A regañadientes la mayoría acató sus órdenes, el resto se debatía entre marcharse sin más o continuar con las instrucciones de un previo y estructurado plan. Joe siguió los pasos de Esther junto al primer grupo para interceptarla una vez afuera.
—Tus amigos son muy malos actores —apostilló ella con cierta suspicacia antes de que él tuviera oportunidad de emitir palabra, hallándose inmersa en una extraña telaraña cuyos hilos no había logrado ver.
—Yo diría que tus actores son muy buenos amigos —resaltó Joe tentando al destino, dudando, una novedad para él en esa noche, de los efectos de sus actos.
A esas alturas ambos ignoraban hasta qué punto cada cual había sido parte actora o manipulada, y aunque tenían la certeza de que ambos habían recurrido a su tiempo a Brando, también sabían de sobra que aquel no iba a aclararles nada. Joe, esperanzado, jugó su última carta:
— ¿Salimos?
—Ya estamos fuera... —Esther entendía en calidad de qué hacía la pregunta, pero quería tejer por su cuenta el final.
Joe se sonrojó apenado. Era como si de repente hubiera perdido el dominio de las riendas y ya no supiese a dónde iría a parar.
Esther se le aproximó resuelta, disminuyendo vertiginosamente la distancia entre ellos; fingió juguetear con su chaqueta y susurró retándolo con la vista:
—Debería tenerte miedo, ¿no? —El hombre sonrió tímido y luchó contra su azoramiento rascándose torpe la nuca—. Necesitas mejorar tus técnicas de seducción —añadió como frase de despedida.
Joe la vio alejarse confundido y por hacer algo, más que por otra cosa, se ajustó las solapas de la chaqueta. Extrañado, se palpó el bolsillo delantero, lo revisó y río sin comedimiento para luego gritar a espaldas de Esther:
— ¡Y tú tus maneras de decir adiós!
Entusiasmado y mudado de sí mismo ante el asombro regresó al local, tropezó con Brando en el portal:
— Dime que por lo menos ha valido el “numerito”... No sabes lo que va a costar calmar al boss.
—De más. ¡Ya tengo el suyo!
Joe le muestra triunfante la tarjetica recién sacada del bolsillo de su chaqueta. El nombre de Esther y su teléfono están en ella.

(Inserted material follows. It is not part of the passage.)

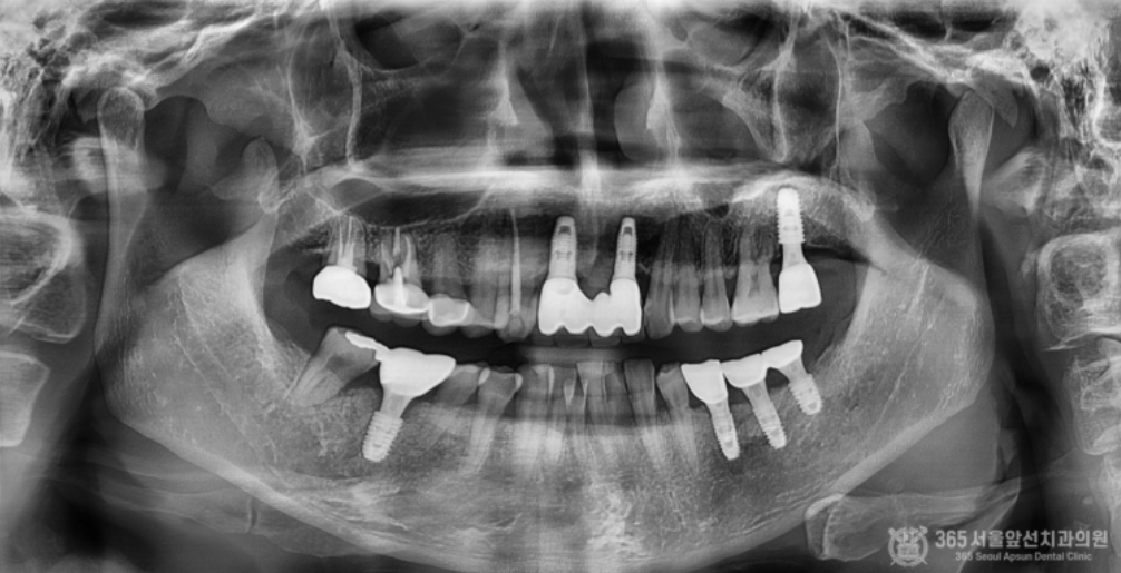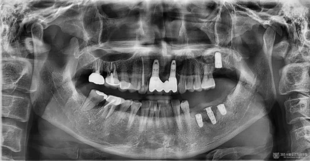 오늘 소개해드릴 간석동치과잘하는곳 365서울앞선치과의원 증례는 치료의 난이도도 높고 환자분께서 미국에 거주하고 계셔서 잦은 내원 및 유지관리가 어려운 경우였습니다. 미국에 계실때 현지 구강외과 의사를 만나서 상담을 받으셨던 경험이 있으시고 턱에서 골조직을 떼서 이식수술을 받으셔야 한다고 진단 받으셨던터라 수술에 대한 공포심이 매우 많으셨던 분이었습니다.

—Hasta siempre, Aldo. ¿Nos vemos en el espejo?
—Estaré justo en tu reflejo.



Fotografía de Oleg Oprisco

Corría el año 2013 cuando, cansada por vez primera de mis propias letras, estuve a punto de recoger la tienda y borrarme de este espacio; sentía que le faltaba algo a mi escritura (demasiado para ser franca) y pa’ las cagadas que escribía ni yo misma me habría extrañado... Entonces apareció Aldo a mostrarme las cosas desde otra perspectiva con una lección breve y, en apariencia, sencilla: “necesitas escribir como si nadie te leyera”. Tarea fácil para mí: nadie lo hacía; pensé de inmediato, pero no lo fue y todavía cuesta. Requiere de cierto grado de confianza, independencia, desnudez, entrega y osadía que suele esfumarse cuando te acercas con total intención al papel o al ordenador, y a pesar de ser ellos de naturaleza más endeble que la tuya, tú tiemblas por los dos. Aún así le aprendí a dar más de lo que daba en cada línea, a idear desde un lado distinto al del sarcasmo y la tristeza; a aprovechar otras emociones, por separado o en conjunto; a recurrir a la espontaneidad de cuando en cuando, a divertirme con el texto, a tomarme en serio, a soltar prejuicios, a superar miedos, a dejar de lado la vergüenza, las limitaciones y cadenas del “esto no va a gustar”, del “qué se pensarán de mí”, del “¡ah-ah, ni loca publico algo así!”... Me descubrió una yo que no conocía y me enseñó a crear como no sabía o no estaba segura de que podía hacerlo. 
Desde que apareció, o perdón, desde que me lo inventé, Aldo me ha prestado su nombre cada que me ha dado miedo o recelo acercarme al texto o a mis más turbias emociones y a su vez he disfrutado de la soltura e idea de libertad proporcionadas por una nimia porción de anonimato (siempre que, claro, el más sagaz lector lo haya pasado por alto).
Sin embargo, ya va siendo hora de despedirle; digamos que su viaje, que no el mío, ha terminado ya.
Gracias por seguirme el juego o no delatarme, o mejor: por creer que acá en el Trébol escribían dos autores y no únicamente Fritzy y su álter-ego.



Ah, ¡feliz Día de los Santos Inocentes!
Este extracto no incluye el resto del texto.